In der ersten Diskussionsrunde des Abends nahmen schließlich drei Landtagsabgeordnete auf dem Podium Platz, in der zweiten unter anderen die Oberbürgermeister von Mainz und Aschaffenburg, Michael Ebling und Klaus Herzog, sowie Rouven Kötter, der Erste Beigeordnete des Regionalverbands FrankfurtRheinMain. Die Moderation der Veranstaltung, die unter dem Motto „Global denken, regional handeln – im Herzen Europas zusammen stark" stand, übernahm Eric Menges, Geschäftsführer der FrankfurtRheinMain GmbH. Die internationale Standortmarketinggesellschaft konnte in den letzten Jahren rund 900 Unternehmensansiedlungen realisieren – hälftig zwischen Frankfurt und dem Umland aufgeteilt, wie Menges bei dieser Gelegenheit berichtete. Ein Beleg dafür, dass die Region hier bereits sehr erfolgreich an einem Strang zieht.
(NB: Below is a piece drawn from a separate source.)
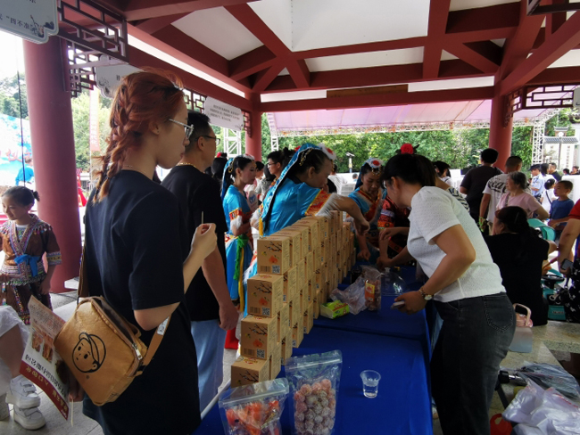 在融安县展位上,柳州融安金园食品有限公司带来的金桔柠檬膏、金桔雪桔等农产品深受消费者喜爱,让消费者既享受到线下优质服务,又感受到网上的优惠价格,引来连连点赞。当天,该公司通过线上销售、线下订单等形式,共卖出农产品200余盒,销售额超10000元。

Reizthema Metropolgesetz und Blick nach vorn

Schnell kreiste der Dialog auf der Bühne dann um das sogenannte Metropolgesetz, das der Hessische Landtag kürzlich leicht modifiziert bis 2029 fortgeschrieben hatte – setzt die Novelle doch mit Blick auf Zuschnitt und Aufgaben des Regionalverbands einen wichtigen gesetzgeberischen Rahmen für die Kernregion von FrankfurtRheinMain. Der Tenor: skeptisch bis enttäuscht. „Kein Fortschritt", „der große Wurf ist ausgeblieben", „die Landesregierung hat Angst vor der Metropolregion", „wir müssen viel mehr Tempo machen" – so lauteten einige Bewertungen der Diskutanten. Doch machten sie gleichzeitig klar: Wir lassen uns in unseren Bemühungen für ein gemeinsames regionales Agieren nicht unterkriegen. OB Ebeling aus der rheinland-pfälzischen Hauptstadt Mainz: „Wenn sich Landräte, Oberbürgermeister und andere Akteure verständigen und eng zusammenschließen, können wir dennoch Druck auf die Länderregierungen ausüben." „Wenn es nicht von oben geht, dann eben von unten", pflichtete ihm der Frankfurter OB ganz im „Geiste der Paulskirche" zum Schluss bei. Auch ein Staatsvertrag, der die länderübergreifende Zusammenarbeit verbindlich fixiert und den die Wirtschaftsinitiative seit langem fordert, ist für Feldmann nicht vom Tisch.

Ob der OB damit die Tür für eine neue Qualität der regionalen Zusammenarbeit aufgestoßen hat? Das muss sich zeigen. Ausgeschlossen erscheint hier nichts. Wegweisend dürfte in jedem Fall die kommende hessische Landtagswahl werden.